Los españoles están descubriendo en este confinamiento el mundo que Orwell imaginó para 1984. Incluso no hace falta haberlo leído para sufrir sus consecuencias. Nuestra pandemia trajo consigo la ventaja de convertirnos en personajes literarios de lo más pintoresco. La lectura es un asunto menor en este caso.

Raro es que en las 38 jornadas que llevamos de cuarentena no haya pasado un día sin que alguien, en periódicos, radios y redes sociales, citase la novela de Orwell como una profecía cumplida. Muchos políticos que están ahora gobernando se han pasado su carrera advirtiendo del peligro de devenir en esa dictadura perfecta orwelliana. Rodeaban el Congreso ante la inminente amenaza, pero la ironía del destino quiere que sea con ellos al timón cuando estamos más cerca de cumplirla.

Porque nunca antes un presidente había tenido tanto poder en la era democrática. La población sobrevive confinada en sus casas. Salir a la calle es arriesgarse a ser multado. Muchos han perdido sus trabajos, o lo que es peor, destruirán el de cientos de compañeros y amigos. La asfixia económica se compagina con una falta de libertad absoluta. Los ciudadanos hemos concedido nuestro bien más preciado a cambio de seguridad. Preferimos estar vivos a ser libres. La batalla ideológica oficial de las últimas semanas se esfuerza en perseguir supuestos bulos que se vierten en las redes sociales. Parece que el derecho a la discrepancia también será perseguido, con beneplácito del CIS. El Gobierno de todos y de todas está más preocupado en perseguir esas 'mentiras"' (imagino que la de los otros, no las suyas, que las hay) que de traer material sanitario a los hospitales.

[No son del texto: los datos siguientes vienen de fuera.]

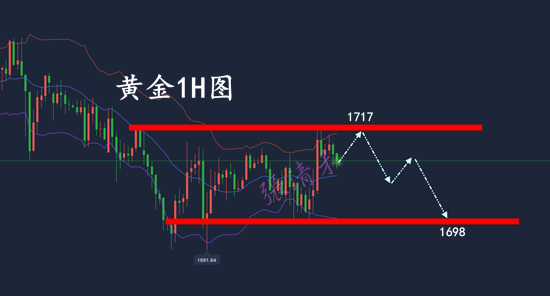 昨日黄金再次维持1696-1715区域内震荡,行情依然反复没有方向,虽然行情进行一波强势拉升,但是最终还是维持在区间内运行,并没有破位,均线夹层区间越来越窄,这给短线行情走势的预判带来很大的难度,此形态可跌可涨,但结合前期回修行情整体居高震荡且上方存在趋势线压制的情况,还是倾向于回修的比重大一些。

En la distopía de Orwell, había cuatro ministerios. El Ministerio del Amor, que imponía una neolengua (ya saben, 'portavoza', 'monomarental', 'un ERTE no es un despido'...) y se preocupaba de la lealtad de sus ciudadanos, «porque de esta saldremos unidos». El de la Paz, trasunto de la Guerra. El de la Abundancia, encargado de racionalizar los productos ante su escasez (controlar el precio de unas mascarillas que no hay). Y el de la Verdad, que establecía una historia oficial, un único relato válido. Este último parece haber saltado también de las páginas de la novela a nuestra vida cotidiana.

Tal vez aquel ciudadano que no haya escuchado hablar nunca de 1984 esté algo cansado de toda esta situación. Le gustaría, en su distopía particular, que hubiese menos amor, menos paz, menos abundancia y menos verdad, pero sí más test, más mascarillas, y sobre todo, más sentido común. Al menos alguien al mando que no insistiese en perseguir fantasmas mientras 65 sanitarios de Cartagena están en cuarentena porque sus mascarillas eran defectuosas.